APR - Annual Percentage rate (%)
The Annual Percentage Rate (APR) represents a measure of the total cost of borrowing and its aim is to allow a fair comparison, between different lenders, of the overall cost of lending.


Bank of England Base Rate (%)

Every month the Bank of England sets the interest base rate (%) in which is the cost of borrowing from the bank. This rises and falls in line with inflation and other financial factors.


Cash back Mortgages

Many lenders offer a cash sum once the mortgage has completed. The sum usually varies according to the size of the mortgage loan.


Capped rate mortgage (%)
The interest rate has an upper fixed limit, known as the cap. The lenders normal variable rate will apply, but will be subject to the capped rate. Should the variable rate exceed the cap, the borrower has the advantage of paying the capped rate.


Discounted Rate Mortgage

This takes the form of a genuine discount off the normal variable interest rate (e.g 2% off for 3 years). It is not a deferment of capital and interest payments.


Fixed Rate Mortgage

The borrower is able to 'Lock in' to a fixed interest ratemortgage payment for a specified period, usually between one to five years. At the end of the period, the rate reverts to the lenders' prevailing variable rate. This schene is popular with first-time buyers and others who want to be able to budget precisley. However, there is often a substantial arrangement fee, and ther may be restructionsor penalties on changing to another lender.



Interest Only Mortgage

In the case of interest only mortgage loan, the monthly payments made to the mortgage lender are solely to pay interest on the loan. NO Capital repayments are made to the mortgage lender during the term of the loan, the capital amount is still outstanding after the end of the mortgage term. The borrower still has the responsibility of repaying this capital amount outstanding.

Libor Rate - London Inter Bank offer Rate
LIBOR rate is the interest rate that the largest international banks charge each other for loans.


Tracker Rate Mortgage
As the name suggests, these mortgages are linked to the base rate set by the Bank of England. The base rate is reviewed once a month and reflects the cost of borrowing from the Bank of England. The Tracker mortgages rate will give the borrower the certainty that their payments will rise and fall in line with the base rate.

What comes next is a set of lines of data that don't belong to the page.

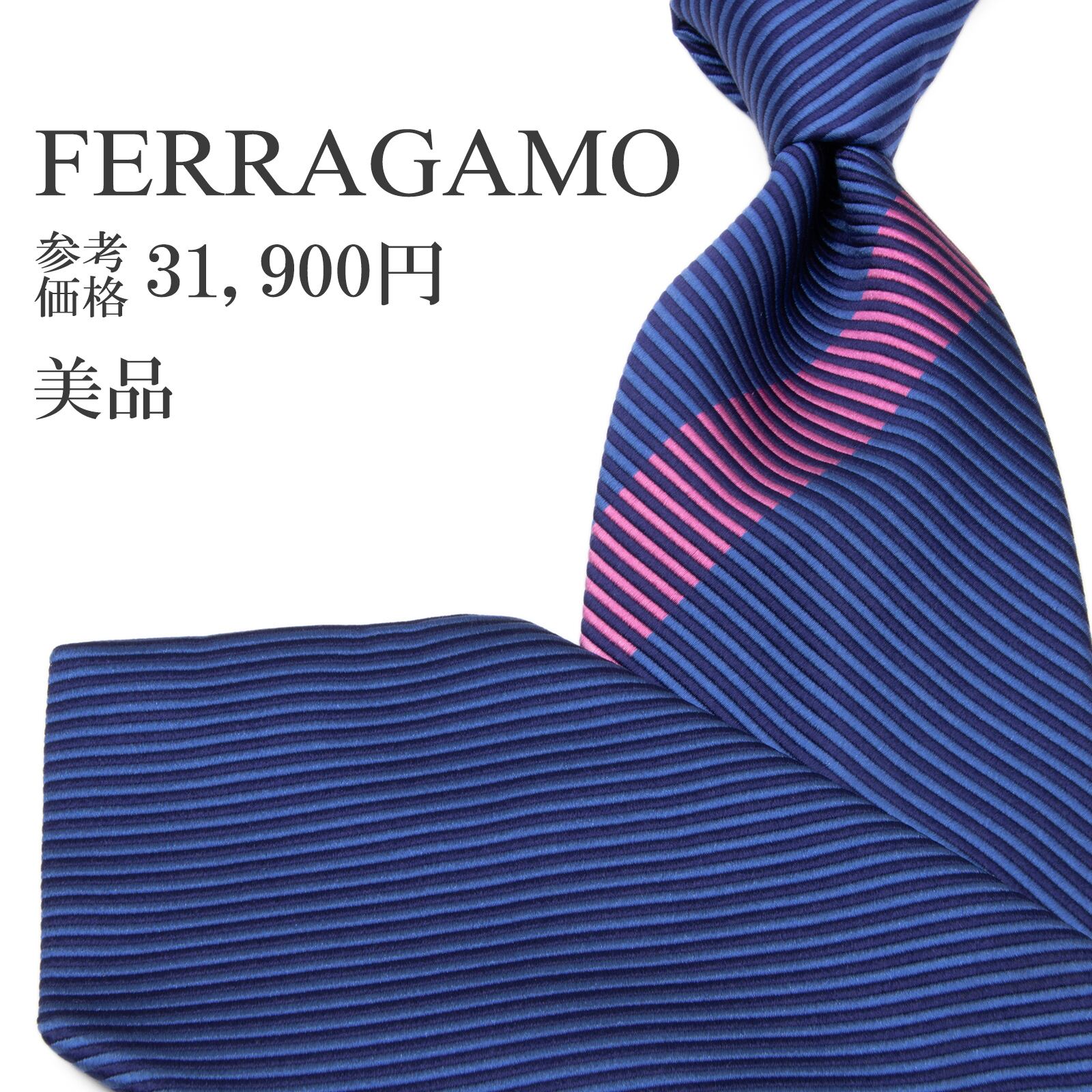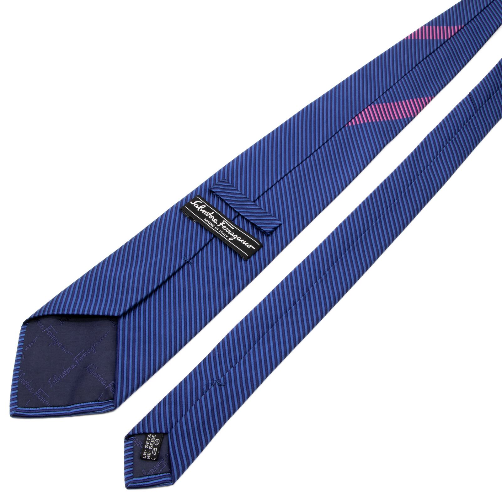 送料無料 フェラガモ ネクタイ レギュラータイ ジャガード 青 ネイビーブルー ピンク ストライプ 光沢 ハイブランド イタリア 綺麗 P661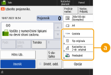 Primer: Zaslon z osnovnimi funkcijami kopiranja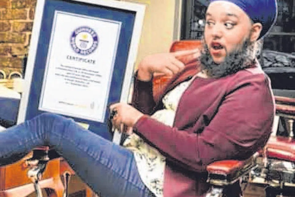 இளம் வயதில் தாடி, மீசை வளர்த்ததற்காக கின்னசில் இடம் பிடித்துள்ளார் ஹர்னாம் கவுர். படம்: இணையம்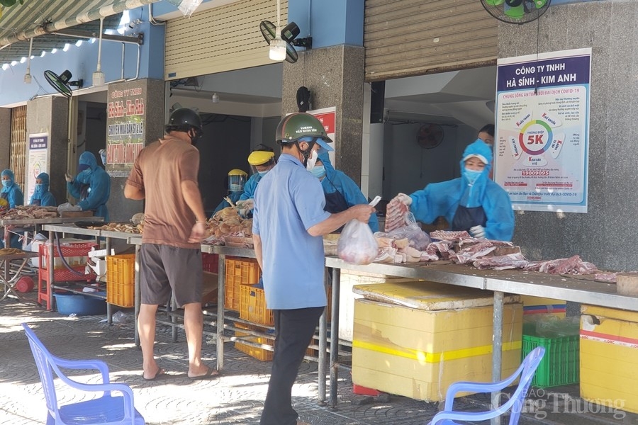 | Các chợ, cửa hàng kinh doanh lương thực, thực phẩm mở cửa từ sớm để phục vụ người dân (người dân phường Hòa Khánh Bắc mua thực phẩm sáng ngày 17/7) |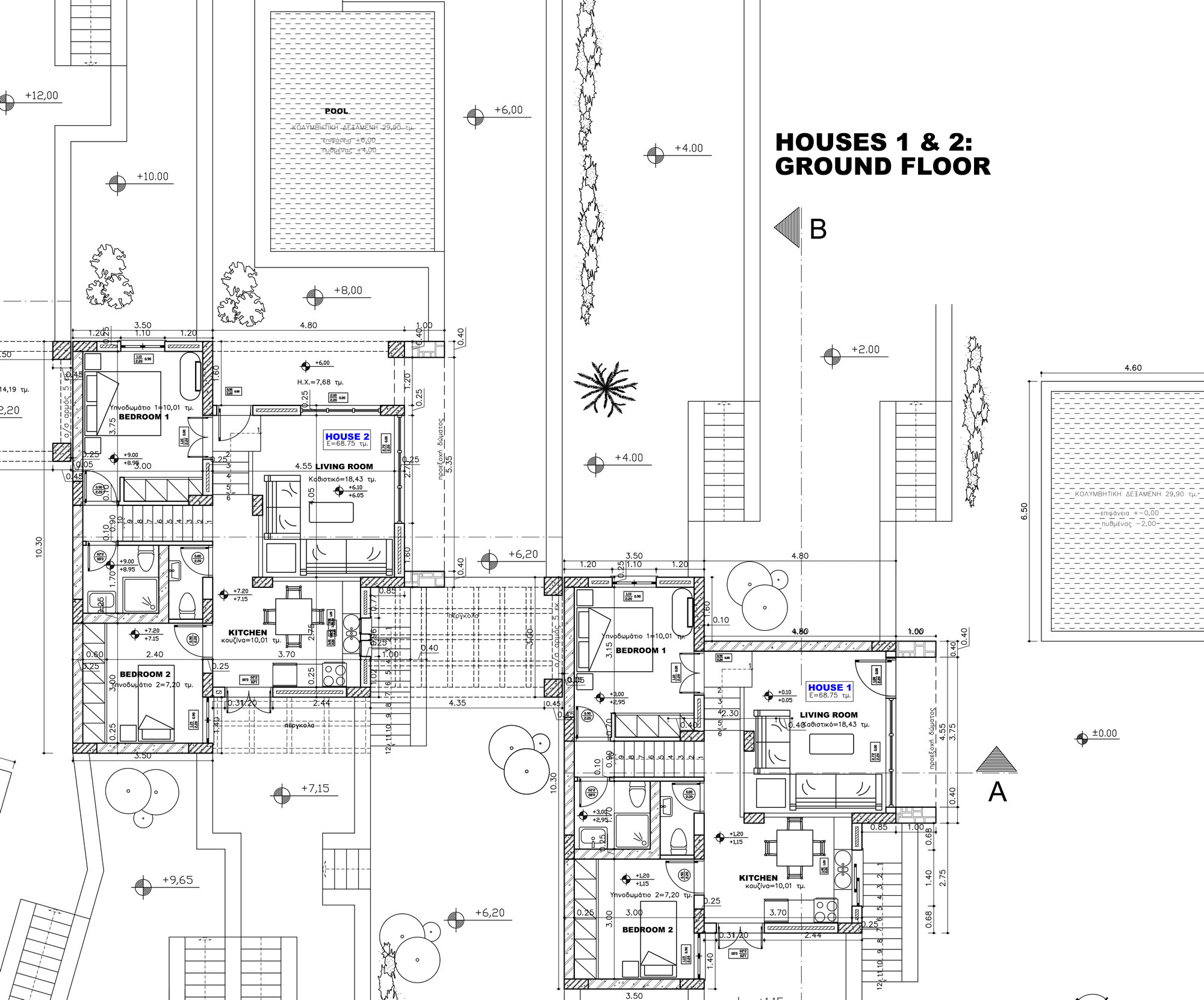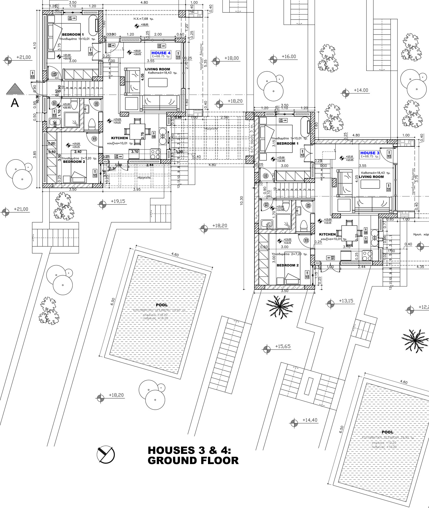 It already has a building license for four 2-bedroom bunglows of 68.75 m2 each, each with a basement of 12.81 m2 and each with a private swimming pool of 29.90 m2.

It should be noted that the lender does charge a premium above the interest base rate.

 

Remortgage
The amount from an existing mortgage loan amount is taken over by another mortgage lender. Borrowers do this for a number of reasons, to get a better deal or borrowing more for home improvements, debt consolidation or for business purposes.

 

Repayment Mortgage
The borrower makes a monthly repayments to the mortgage lender, and each monthly amount partly consists of interest and capital repayment. The higher the interest rate(for any given mortgage amount and term), the higher the monthly mortgage repayment. This method of payment is the safest, as it ensure that the mortgage will be repaid at the end of the mortgage term- provided that all mortgage payments are up to date.

Second Charge - Secured Loan
A second charge is an additional loan from a different lender, and secured by a second charge on the property. This means if the borrower defaulted on the repayments, the main mortgage would be paid first out of the sale of the property proceeds. Because the lenders security takes second place the interest rates are generally higher on the second loan – though normally not as high as an unsecured loan.

 

SVR - Standard Variable Rate (% Interest)
This is the basic method, with monthly payments going up and down without limit as interest rates change. One disadvantage is that the borrowers cannot easily predict the level of future payments, which can cause budgeting problems.